From the line that contains "Transforma cualquier habitación" down to the last line of the entries, please return everything exactly, except the pictures.

######

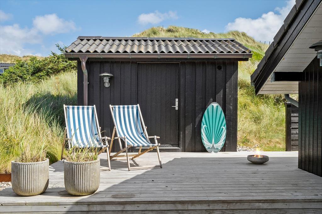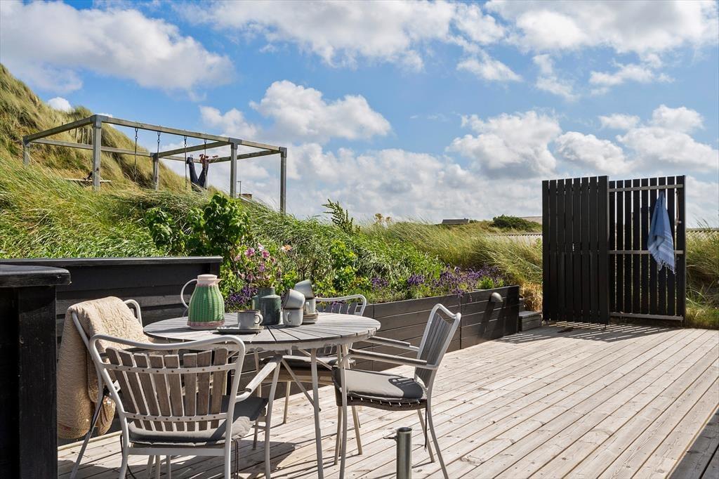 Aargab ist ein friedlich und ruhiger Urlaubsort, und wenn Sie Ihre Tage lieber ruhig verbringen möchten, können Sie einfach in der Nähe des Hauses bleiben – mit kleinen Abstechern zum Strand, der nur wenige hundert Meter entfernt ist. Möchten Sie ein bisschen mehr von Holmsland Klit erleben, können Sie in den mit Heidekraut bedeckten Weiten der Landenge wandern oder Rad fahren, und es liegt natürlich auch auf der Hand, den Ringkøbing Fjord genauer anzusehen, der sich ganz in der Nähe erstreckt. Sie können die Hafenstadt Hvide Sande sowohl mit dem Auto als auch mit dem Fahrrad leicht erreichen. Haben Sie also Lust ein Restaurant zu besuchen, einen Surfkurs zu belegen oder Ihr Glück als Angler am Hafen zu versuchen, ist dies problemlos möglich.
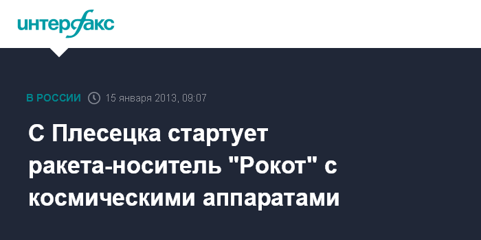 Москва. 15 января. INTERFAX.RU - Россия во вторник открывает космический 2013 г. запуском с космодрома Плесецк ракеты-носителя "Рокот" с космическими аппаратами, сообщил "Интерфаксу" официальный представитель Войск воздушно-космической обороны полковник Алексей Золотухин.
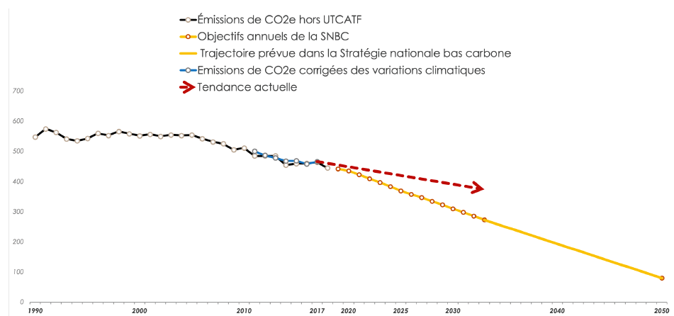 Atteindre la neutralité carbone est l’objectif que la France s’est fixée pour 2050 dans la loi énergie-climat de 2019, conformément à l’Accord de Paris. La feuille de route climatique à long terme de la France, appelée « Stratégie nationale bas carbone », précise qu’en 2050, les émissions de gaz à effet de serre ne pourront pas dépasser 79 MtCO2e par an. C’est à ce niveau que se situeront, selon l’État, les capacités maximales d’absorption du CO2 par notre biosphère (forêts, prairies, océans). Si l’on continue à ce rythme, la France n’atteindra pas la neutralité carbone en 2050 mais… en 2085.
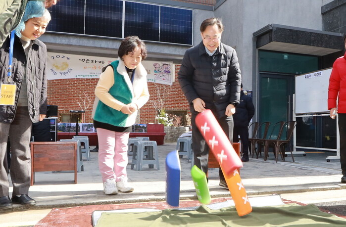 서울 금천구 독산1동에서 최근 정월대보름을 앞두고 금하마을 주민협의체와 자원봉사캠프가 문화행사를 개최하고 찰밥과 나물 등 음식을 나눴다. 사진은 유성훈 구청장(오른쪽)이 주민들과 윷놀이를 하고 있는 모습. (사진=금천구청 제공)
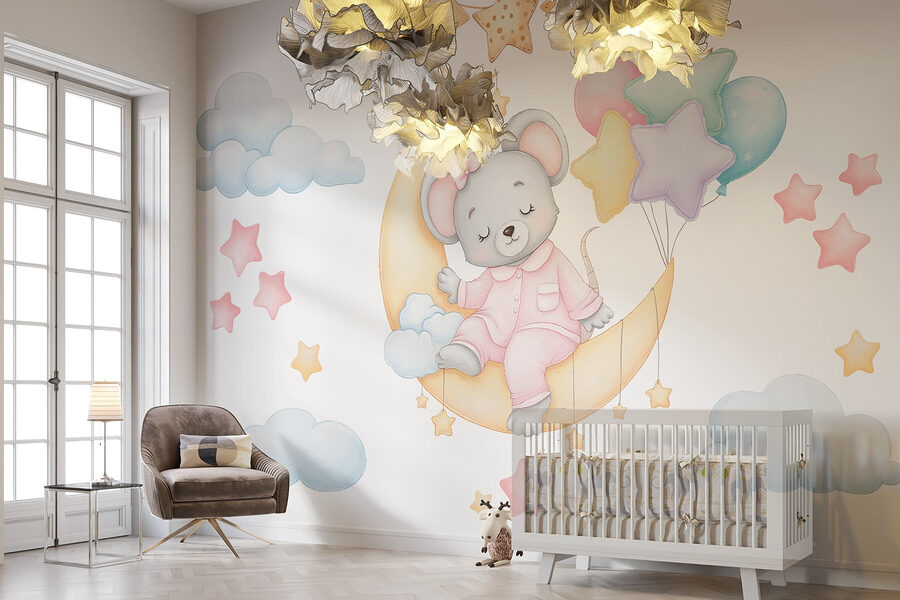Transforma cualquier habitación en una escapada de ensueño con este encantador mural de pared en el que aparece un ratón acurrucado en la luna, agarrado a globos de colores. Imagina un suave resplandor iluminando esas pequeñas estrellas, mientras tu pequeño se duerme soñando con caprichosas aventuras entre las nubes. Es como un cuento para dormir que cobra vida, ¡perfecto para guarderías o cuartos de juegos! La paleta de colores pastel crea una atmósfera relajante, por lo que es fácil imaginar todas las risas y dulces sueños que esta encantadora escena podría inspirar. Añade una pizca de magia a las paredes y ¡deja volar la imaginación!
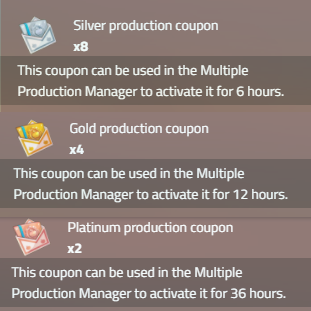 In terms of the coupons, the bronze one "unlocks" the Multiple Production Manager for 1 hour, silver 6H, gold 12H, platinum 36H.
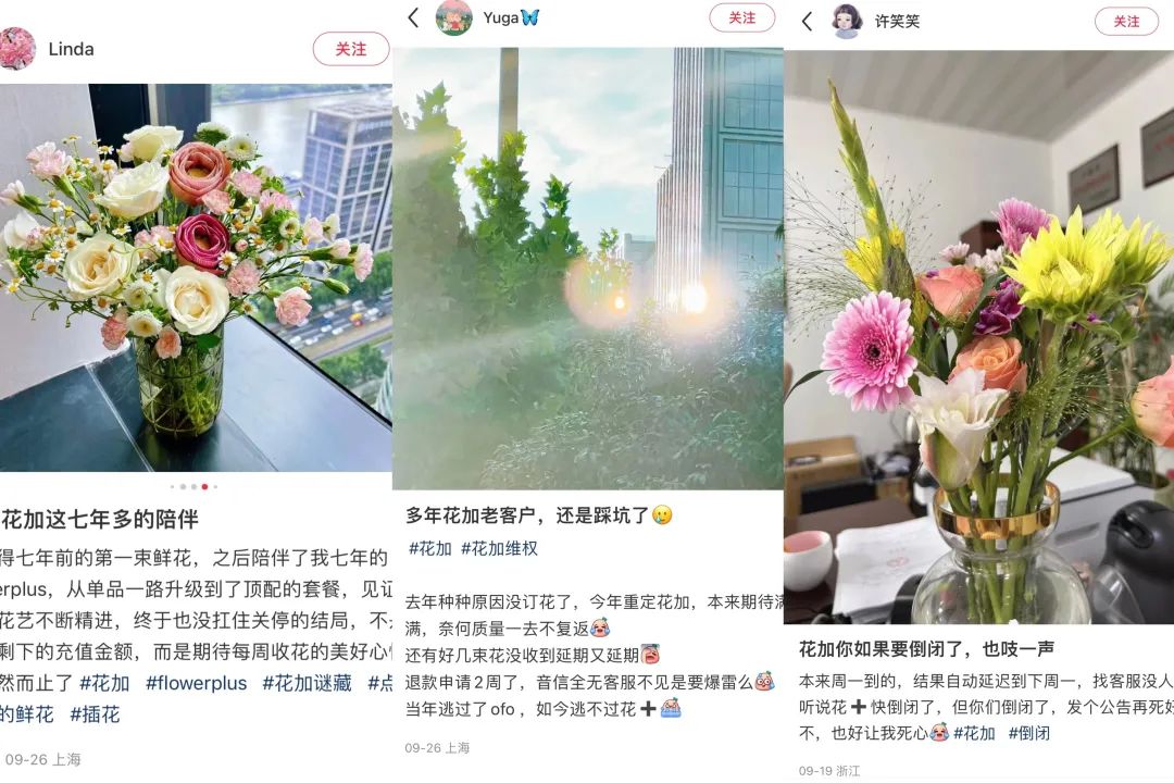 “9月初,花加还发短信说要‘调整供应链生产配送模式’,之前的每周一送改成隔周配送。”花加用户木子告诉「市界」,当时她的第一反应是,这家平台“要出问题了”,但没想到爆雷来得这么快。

######

*SOLUTION TO THIS TASK*:
Transforma cualquier habitación en una escapada de ensueño con este encantador mural de pared en el que aparece un ratón acurrucado en la luna, agarrado a globos de colores. Imagina un suave resplandor iluminando esas pequeñas estrellas, mientras tu pequeño se duerme soñando con caprichosas aventuras entre las nubes. Es como un cuento para dormir que cobra vida, ¡perfecto para guarderías o cuartos de juegos! La paleta de colores pastel crea una atmósfera relajante, por lo que es fácil imaginar todas las risas y dulces sueños que esta encantadora escena podría inspirar. Añade una pizca de magia a las paredes y ¡deja volar la imaginación!
 In terms of the coupons, the bronze one "unlocks" the Multiple Production Manager for 1 hour, silver 6H, gold 12H, platinum 36H.
 “9月初,花加还发短信说要‘调整供应链生产配送模式’,之前的每周一送改成隔周配送。”花加用户木子告诉「市界」,当时她的第一反应是,这家平台“要出问题了”,但没想到爆雷来得这么快。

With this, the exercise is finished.